Combination treatments with anti-CD25 and immunogene therapy. (a) Protocol of antibody administration, immunogene therapy and tumor inoculation. C57/BJ6 mice (n=6) were treated using the antibody regime previously described and combined with immunogene when tumor reached approximately 100 mm³ in volume, 5 × 10⁵ B16F10 cells were inoculated subcutaneously to the mice and tumor was monitored. (b) Tumor volume was measured and presented as means±standard error of the mean. *Combinational treatment (pGmCSF-b7.1 and anti-CD25 mAb) compared with untreated B16F10, P<0.005. (c) Survival is presented using Kaplan–Meier survival curves. *Compared pGmCSF-b7.1/anti-CD25 mAb with untreated B16F10 tumor, P<0.02. mAb, monoclonal antibody.

Figure 4

Suppression of pulmonary metastasis from B16F10 tumor. (a) Schematic representation of treatment schedule: C57/BJ6 mice (n=6) were treated, that is, with anti-CD25 mAb, irrelevant IgG mAb or untreated 1 day prior to tumor inoculation and 4 days post tumor inoculation, 5 × 10⁵ B16F10 cells were inoculated subcutaneously to the mice and tumor volume was monitored.
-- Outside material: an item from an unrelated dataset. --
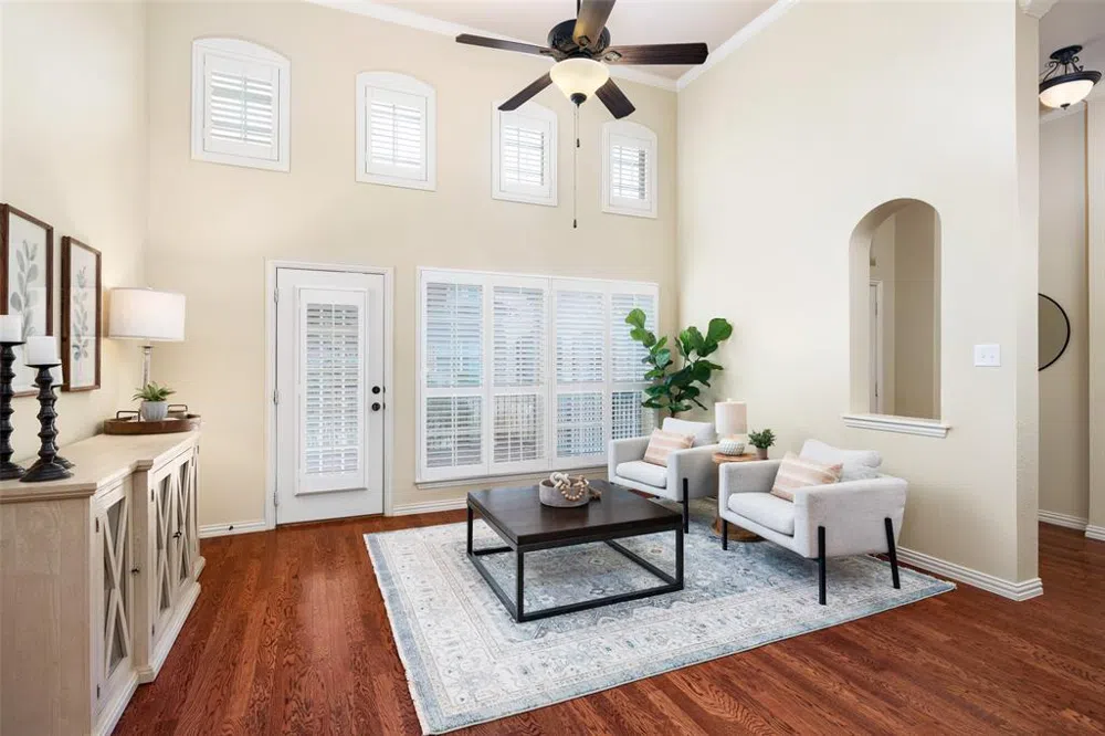 Corner unit in a fabulous gated community in the heart of Stonebridge Ranch! You'll fall in love with this single story split floor-plan with 2 bedrooms and 2 baths. Open floorplan, expansive living room, lofty ceilings + architectural details and outdoor patio w-courtyard create the perfect home! Features include: large kitchen, plantation shutters, blinds, office nook w-built in desk area, large primary closet, granite kitchen c-tops, lots of windows allowing natural light, front-side courtyard & patio area, hardwood flooring. Neighborhood is quiet and secluded and features a community pool, fitness center, clubhouse, trails, and a beautiful pond at the back of the community. Great location near restaurants, shopping, grocery stores & medical. Community has blanket insurance covering the exterior + HOA provides landscaping. HOA includes blanket insurance, all exterior maintenance, lawn care maintenance and sprinkler system.

Tumors were treated with±pGmCSF-b7.1 or pMG when the tumors reached approximately 100 mm³ in volume. (b) Macroscopic image of lungs. (c) The number of surface metastases counted. The results represent those from four animals per group. (d) Lung weight measurements are presented as means±standard error of the mean. *pGmCSF-b7.1 and anti-CD25 mAb combinational treatment compared with pMG and anti-CD25, P<0.05.

Figure 5

T-regs inactivation. Anti-CD25 mAb intraperitoneal administration inactivates T-regs locally and systemically at the tumor site and spleen. (a) The CD4⁺CD25⁺FoxP3⁺ cell populations were significantly reduced. Compared anti-CD25 mAb with untreated B16F10 and IgG mAb in tumor, P<0.004. (b) The CD4⁺CD25⁺FoxP3⁺ cell populations were significantly reduced. Compared anti-CD25 mAb with untreated B16F10 and IgG mAb in the spleen, **P<0.001. (c) The immunotherapy with pGmCSF-b7.1 alone had no effect on the CD4⁺CD25⁺FoxP3 tumor cell populations. (d) Combinational treatment reduced the CD4⁺CD25⁺FoxP3⁺ cell population. (e) Combinational treatment also reduced the CD4⁺CD25⁺FoxP3⁻ cell population compared with the untreated tumor, *P<0.05. Data are presented as % respective cell population in the respective tissue±standard error of the mean.